The second wave of 'Payback Australia', an independent study commissioned by ThinkTV, found that television ads deliver a return on investment of $8.90 per every dollar spent. This was almost double the next most effective channel, radio, which delivered a $5 return.
Search, the leading digital channel, provided a $3.20 return, while online display offered $1.50, behind cinema ($3) and print ($1.60).
The study was based on a 20% sample of the overall automotive market in Australia, with a combined annual media budget of $150 million per year. This included four automotive brands and 30 different models over a three year period.
The research takes into account various factors that affect a sale, such as promotions, seasonal variations, PR, macro-economic factors, new model launches and other variables that may impact sales.
What the study does is attempt to isolate the major factor that delivers sales and assess how media investment causes an uplift.

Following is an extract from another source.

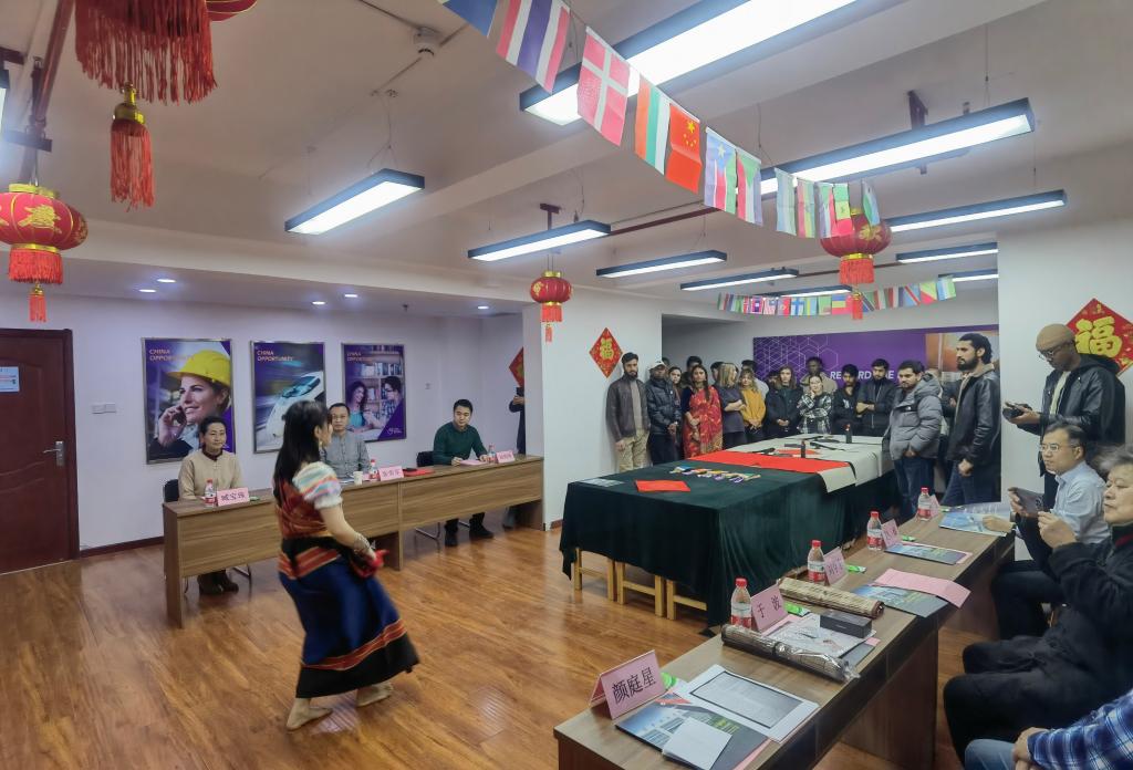 緊接著,國際學生們通過舞蹈、歌曲等才藝表演獻上新春祝福。他們的精彩表演不僅贏得了現(xiàn)場觀眾的陣陣喝彩,也為中國新年增添了濃厚的喜慶氛圍。隨后,活動進入書法家寫福字、寫對聯(lián)環(huán)節(jié)。陜西省民俗學會、省書法家協(xié)會、西安皇城書畫院等知名民俗專家、書法家紛紛揮毫潑墨,為國際學生書寫福字和春聯(lián)。書法家們的精湛技藝和中華悠久深厚的文化底蘊讓在場的留學生們贊嘆不已,他們紛紛表示這是他們第一次如此近距離地感受中國書法的魅力。

It shows that media investment has a 12% impact on car sales, worth about $4.26 billion each year to automotive brands in Australia. This is much greater than the FMCG category, where media led to a 3% uplift.
The most telling chart is that TV contributed to 81% of the media uplift, despite only having a 53% average media allocation.

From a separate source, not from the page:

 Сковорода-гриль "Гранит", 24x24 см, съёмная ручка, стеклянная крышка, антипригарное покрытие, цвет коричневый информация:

Digital (display, video, social) on the other hand, had 17% of automotive media budget but only contributed to a 5% uplift.
The study raises questions about why marketers over spend on digital when it doesn't produce the most effective results.

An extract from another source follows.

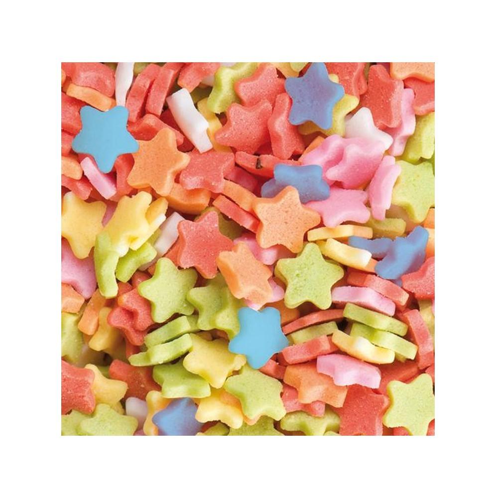 Konfetti cukrowe w kształcie gwiazdek w miksie kolorów to idealna dekoracja do wszelkich tortów, ciast, pierniczków, muffinków oraz wspaniała posypka do lodów i deserów.

In fact, the study found that a $200,000 reallocation from digital to TV led to an incremental revenue lift of $1.08 million, while the same investment in digital only produced a $350,000 lift.
"When the marketing world is placing greater focus on business outcomes, this extensive econometric modelling for the auto category has proven how critical TV is within the media mix. When it comes to the Australian automotive sector, TV is a critical factor in driving sales," Ebiquity Asia Pacific managing director Richard Basil-Jones said.
So why the over-investment in digital?
Industry sources believe that it's easier for marketers to use and justify digital spend on quarterly reporting cycles than the more expensive, yet effective, investments in TV.
There's also a lack of understanding about how effective digital really is and an over-reliance on end of funnel attribution rather than considering the earlier effects of brand awareness that above the line advertising brings.
Ebiquity, which prides itself on being channel agnostic and not "being on anyone's Christmas card list", says the fastest growing part of its business is its marketing performance optimisation business, which provides insights into which channels perform best.